"Epidiolex" against tuberous sclerosis


What is tuberous sclerosis

Tuberous sclerosis is a phakomatous disease of a genetic nature in which multiple organ failure is observed.

  • The second most common neurocutaneous disease.
  • Frequency: 1:10 LLC - 1:50 LLC per year
  • Disturbance of secondary neurulation (defect in neuronal proliferation, differentiation and histogenesis) during 2-4 months of pregnancy
  • Autosomal dominant type of inheritance
  • Currently, two gene loci have been described: 9^34 and 16p13.

Description


Tuberous sclerosis is a hereditary disease manifested by disturbances in the stable functioning of the central nervous system, which cause attacks of epilepsy and are characterized by a low level of intellectual abilities. The disease provokes the development of rashes on the surface layer of the skin of a polymorphic nature, the formation of malignant neoplasms and non-tumor processes in the somatic parts. As diagnostic measures, medical staff at clinics resort to the use of magnetic resonance imaging, computer studies, and EEG to identify disorders of the nervous system.

Additionally, ophthalmological testing is carried out, assessing the condition of internal objects of the body using ultrasound equipment, radiography and sigmoidoscopy. Treatment involves the use of antiepileptic therapy, neuropsychological adjustments, monitoring and timely surgical removal of tumors.

Quick Facts

Tuberous sclerosis (TS) is a serious disease of hereditary origin, which manifests itself with dangerous symptoms such as deformation of the surface of the epidermis, convulsions, mental retardation and the formation of tumors. The anomaly is classified as phacomatous. It is a fairly rare disorder. According to average statistical data, TS is diagnosed in a ratio of 1:30,000 of the population, and among infants the rate drops to 1:8,000 cases. Deviation from the norm is familial and isolated (up to 70%) in nature.

History of discovery

Friedrich Daniel von Recklinghausen, a German scientist (pathologist) in the mid-19th century, became the first person to give a complete description of the disease. Later, the French scientist Bourneville described in detail the morphological changes that occur in the patient’s brain with such a lesion. He gave the anomaly a name. And in 1890, the dermatological doctor Pringle analyzed the symptoms of faces using angiofibre. As a result, deviation goes by several names. In the medical literature you can find: Tuberculous sclerosis, Bourneville-Pringle disease.

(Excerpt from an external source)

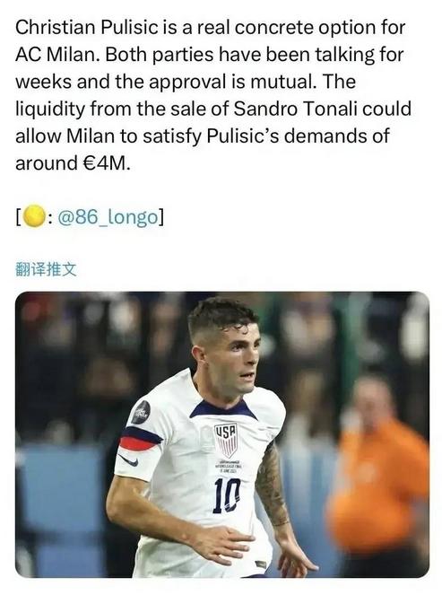 據最新消息,美國隊長普利西奇轉會米蘭的可能性越來越大。轉會費預計在1500萬至2000萬之間,而他將獲得400萬的年薪。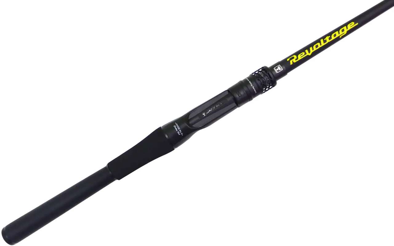 Спінінг Jackall Revoltage - серія коротких вудилищ для лову хижака мультиплікаторною котушкою, які відрізняються високою функціональністю. З його допомогою можна однаково ефективно ловити різними методами і стилями, як джигом, так і твічінгом. Виробник приділив багато уваги конструкції бланка, в залежності від моделі, зробивши як класичні з порожнистою вершинкою, так і спеціалізовані з монолітною. Поєднання карбону різної модульності дозволяє зробити роботу спінінга максимально пристосованою під певні умови, наприклад, делікатно анімувати приманку і створювати потужний упор під час виважування риби. Для створення такої конструкції використана технологія GP-Booster, при якій частини бланка збираються не внахлест, а встик, що дозволяє зберігати рівномірність вигину без провалів і жорстких переходів. Завдяки цьому підвищується міцність і чутливість вудилища, що цінується усіма рибалками. На бланку встановлені сучасні пропускні кільця Fuji K-Type, що мають невелику масу і не схильні до заплутування шнура. Котушкотримаяч, в поєднанні з ручкою з EVA, має ергономічну конструкцію. Збільшений діаметр бланка в цій частині виконано за технологією B2-MX, при якій значно підвищується тактильна чутливість за рахунок великого діаметру і тонких стінок, але зберігається його міцність.

Main sources of appearance

The disorder is distinguished by the hereditary nature of the lesion. Most cases are caused by the development of mutation reactions, and 30% are caused by autosomal dominant transmission of genetic aberrations that are present in the mother and father. However, scientists are still conducting research to study aspects of biochemical factors. A morphological anomaly is the growth of particles of the glial plane of the cerebral zone. In structure, they are represented by large cells with an abnormally enlarged center and many processes. Subependymal nodes usually provoke the progression of giant cell astrocytoma. According to information provided to the researchers, cerebellar damage is observed in 10% of situations. Disturbances are observed in the area of ​​the optic nerve and peripheral areas of the retina.

Clinical manifestations

Typical symptoms:

  • "White spots" of melanin hypopigmentation
  • Facial angiofibromas: reddish nodules, initially the size of a grain of rice, later larger butterfly-shaped lesions on the cheeks, nasolabial folds and nose
  • “Shagreen” plaques: skin lesions of various sizes with a “skiny” proliferation of connective tissue, which are localized mainly in the lumbosacral region
  • Generalized convulsive seizures.
  • Tuberous sclerosis in children has its symptoms from the first years of life - mental retardation, convulsive attacks in the form of myocloic seizures. The peak occurs during puberty. Then the disease acquires the symptoms indicated above.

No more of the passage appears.